Accounting

Accountancy

Accountancy

Accountancy is the practice of recording, classifying and reporting on business transactions for a business. It is the measurement, processing, and communication of financial and non-financial information about economic entities such as businesses and corporations. It is the process of communicating financial information about a business entity to users such as shareholders and managers. Accounting, which has been called the “language of business”, measures the results of an organization’s economic activities and conveys this information to a variety of users, including investors, creditors, management, and regulators. Practitioners of accounting are known as accountants. The terms “accounting” and “financial reporting” are often used as synonyms. The definition of accountancy is the act of being in a professional field called “accounting,” which involves keeping track of financial records and doing taxes.

The principles of accountancy are applied to business entities in three divisions of practical art, named accounting, bookkeeping, and auditing. Accountancy is the process of managing the income and expenses of a business. It is the keeping or inspecting of commercial accounts; work of an accountant. The key accountancy tasks are noted below: Recordation, Classification, and Reporting.

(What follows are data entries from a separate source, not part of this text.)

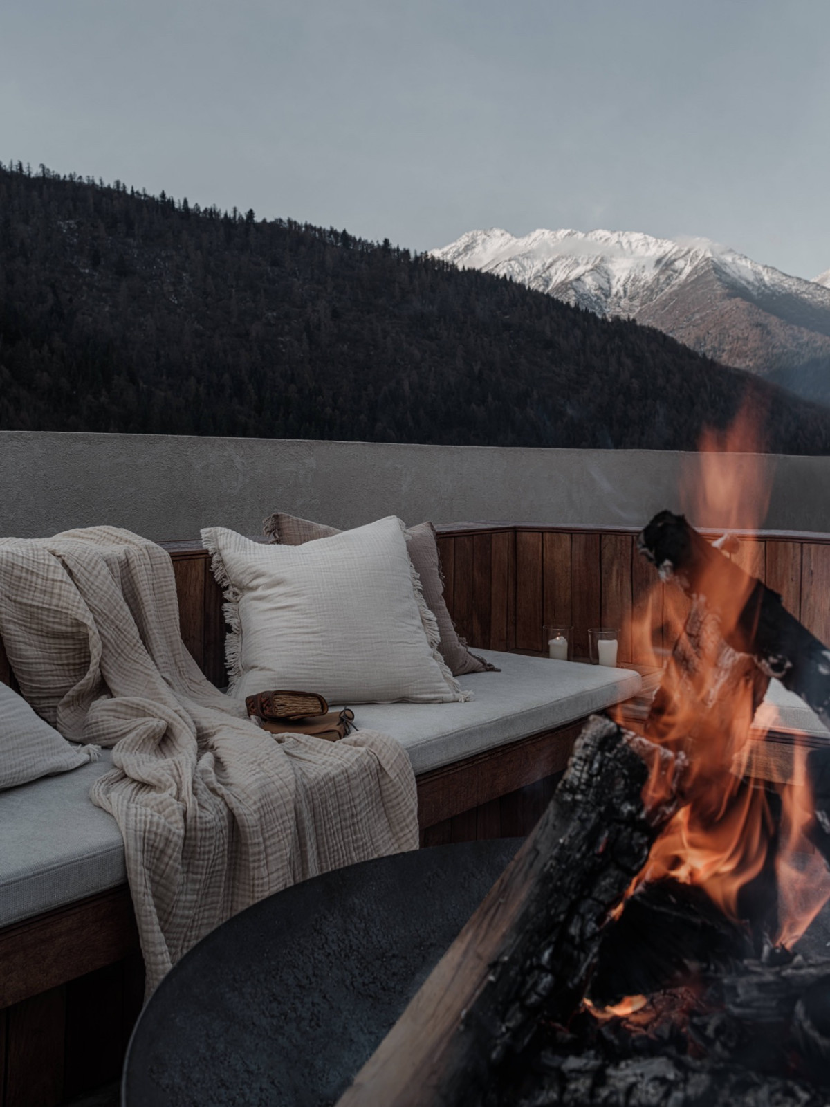 顶楼露台彻底敞开,毕剥作响的火塘与露天浴场,看日照金山,观隆冬飘雪。人置身其中,被催化、被感知——最终成为眼前美好景象的一部分。
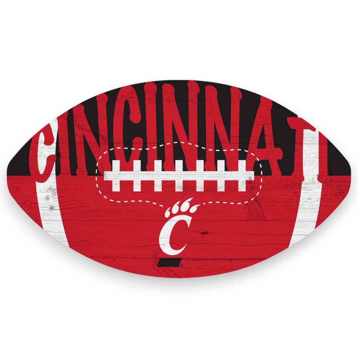 Our Cincinnati Color Football Sign is decorated with the school logo and colors. This officially licensed NCAA Cincinnati Color Football Sign is a distressed design to mimic the look of rustic wood. The image is printed directly on MDF wood. The sign includes an attached sawtooth hanger. This football sign is made in the USA and measures 12″ x 7″ x .25″. Just perfect for a wreath sign, home decor or a gift for that special football fan.FAQs
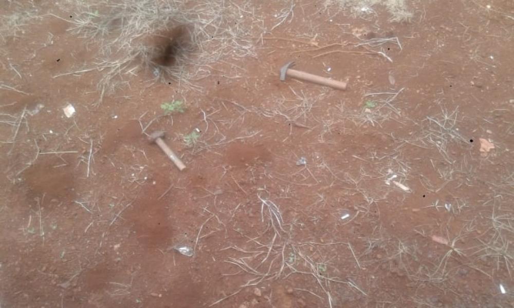 Em seguida a Polícia foi até a rua Borges de Medeiros, na residência onde ocorreram os fatos e verificaram que tinha uma marreta e um martelo na parte externa da residência, ambos com sangue. Foi então feito a apreensão dos objetos e entregue na polícia civil de Cantagalo.

Accountancy is the profession or duties of an accountant. Although accounting has existed in various forms and levels sophistication throughout many human societies, the double-entry accounting system in use today was developed in medieval Europe, particularly in Venice, and is usually attributed to the Italian mathematician and Franciscan friar Luca Pacioli. Accountancy is the theory or practice of keeping financial accounts. Today, accounting is facilitated by accounting organizations such as standard-setters, accounting firms, and professional bodies. It provides feedback to management regarding the financial results and status of an organization. Financial statements are usually audited by accounting firms and are prepared in accordance with generally accepted accounting principles (GAAP). GAAP is set by various standard-setting organizations such as the Financial Accounting Standards Board (FASB) in the United States and the Financial Reporting Council in the United Kingdom. As of 2012, “all major economies” have plans to converge towards or adopt the International Financial Reporting Standards (IFRS).